What needs to be done: Go to the line holding "8月21日,中國隊球員王逸凡(上)在比賽中扣球。新華社發(fā)" in the data below. Return it and each line after it through the last, exactly, and skip the pictures.

Recorded data:
^^^^^^^^
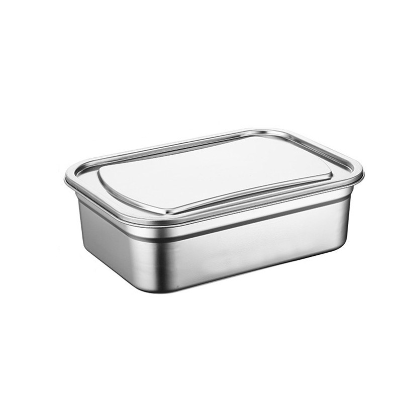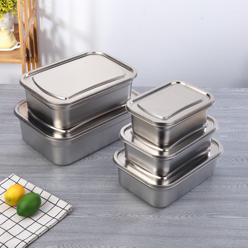 Stainless steel refreshing box containing box 304 food box dining basin reserved vegetable basin with lid fridge rectangular lunch box
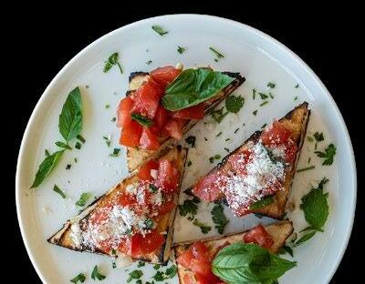 paradicsom, lilahagyma, parmezán, vörösborecet, extra szűz olivaolaj, római pizzaszeleten | tomato, red onion, parmesan,
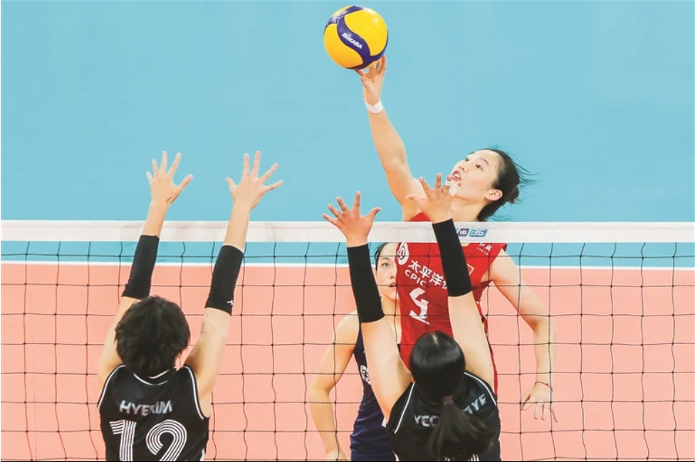 8月21日,中國隊球員王逸凡(上)在比賽中扣球。新華社發(fā)
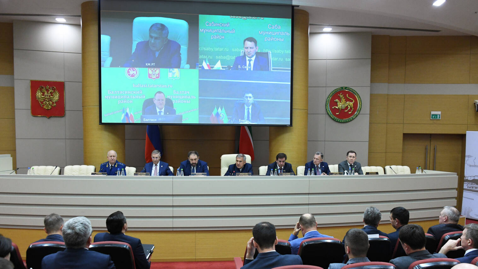 Совещание в режиме видеоконференцсвязи с подключением всех муниципальных образований провёл Раис Республики Татарстан Рустам Минниханов. В работе принял участие Премьер-министр Татарстана Алексей Песошин.
^^^^^^^^
Solution to this exercise:
 8月21日,中國隊球員王逸凡(上)在比賽中扣球。新華社發(fā)
 Совещание в режиме видеоконференцсвязи с подключением всех муниципальных образований провёл Раис Республики Татарстан Рустам Минниханов. В работе принял участие Премьер-министр Татарстана Алексей Песошин.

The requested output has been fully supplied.